To report survival and morbidity of a large homogeneous cohort of patients with a locally advanced esophageal or cardia carcinoma and put in evidence predictive factors of locoregional control and survival.

PATIENTS AND METHODS

Hundred and two patients were treated at the university hospital of Tours between 1990 and 2010 and received neo-adjuvant chemoradiation therapy with external irradiation (40Gy-44Gy) and two courses of chemotherapy (5-fluoro-uracile and cisplatine). Esophagectomy associated with lymph node dissection was performed about ten weeks after the end of chemoradiation therapy.

RESULTS

The median follow-up was 22.4 months [6-185 months]. The overall survival rates at 2 and 5years were 53% and 27%, respectively. The median overall survival was estimated at 27months. The overall 2-year survival between patients "responders" and patients "non-responders" was 67% vs 26%, respectively (P<0.0001). In case of histological response, there was a benefit in terms of overall survival (P<0.0001), locoregional control (P<0.0036) and disease-free survival (P<0.001). Overall survival at 2years was 64% for ypN0 group vs 32% for ypN1 group (P<0.0001). The median survival was estimated at 37months against 15months in the absence of lymph node involvement (P<0.0001).

CONCLUSION

Our results in terms of survival, tolerance and morbidity and mortality were comparable to those in the literature.

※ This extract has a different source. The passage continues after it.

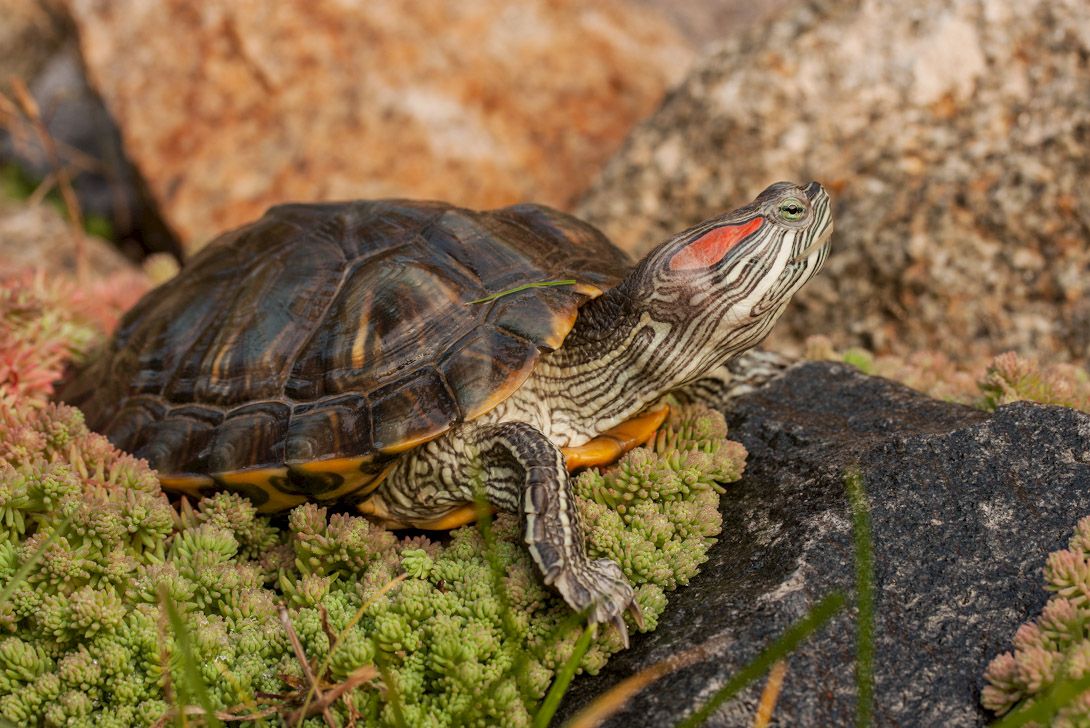 Красноухая черепаха или Желтобрюхая (лат. Trachemys scripta) — вид черепах из семейства американских пресноводных черепах. Черепаха средних размеров. Длина карапакса от 18 до 30 см в зависимости от пола черепахи и подвида. Самцы заметно мельче самок. На голове, шее и конечностях черепаха украшена рисунком из белых и зелёных волнистых полос и пятен. Своё название черепаха получила из-за двух удлинённых ярко-красных пятен рядом с глазами. Ареал обитания Красноухой черепахи охватывает США от юга Виргинии до севера Флориды и Канзаса, Оклахомы и Нью-Мексико на западе, Мексику, всю Центральную Америку, северо-запад Южной Америки (север Колумбии и Венесуэлы). Вид интродуцирован на юг Флориды, Аризону, Гваделупу, Израиль, некоторые страны Европы (в частности, в Испанию,Великобританию) и ЮАР. Проникла в Австралию, где официально признана вредителем, вытесняющим местную эндемическую рептофауну. В наших широтах не обитает, но является довольно распространенной у любителей аквариумной экзотики. Например эта модель была снята на очередной прогулке, после прибывания в аквариуме.

Complete histological response of lymph node was associated with an improvement of local control, disease-free survival and overall survival.

摘要

目的和目标

报告一大组局部晚期食管癌或贲门癌患者的生存率和发病率,并找出局部区域控制和生存的预测因素。

患者和方法

1990年至2010年期间,图尔大学医院对102例患者进行了治疗,这些患者接受了新辅助放化疗,包括外照射(40Gy - 44Gy)和两个疗程的化疗(5-氟尿嘧啶和顺铂)。放化疗结束约十周后进行了食管切除术及淋巴结清扫术。

结果

中位随访时间为22.4个月[6 - 185个月]。2年和5年的总生存率分别为53%和27%。中位总生存期估计为27个月。“反应者”和“无反应者”患者的2年总生存率分别为67%和26%(P<0.0001)。在组织学反应方面,总生存期(P<0.0001)、局部区域控制(P<0.0036)和无病生存期(P<0.001)均有获益。ypN0组2年总生存率为64%,ypN1组为32%(P<0.0001)。在无淋巴结受累时,中位生存期估计为37个月,而有淋巴结受累时为15个月(P<0.0001)。

结论

我们在生存、耐受性、发病率和死亡率方面的结果与文献中的结果相当。淋巴结的完全组织学反应与局部控制、无病生存期和总生存期改善相关。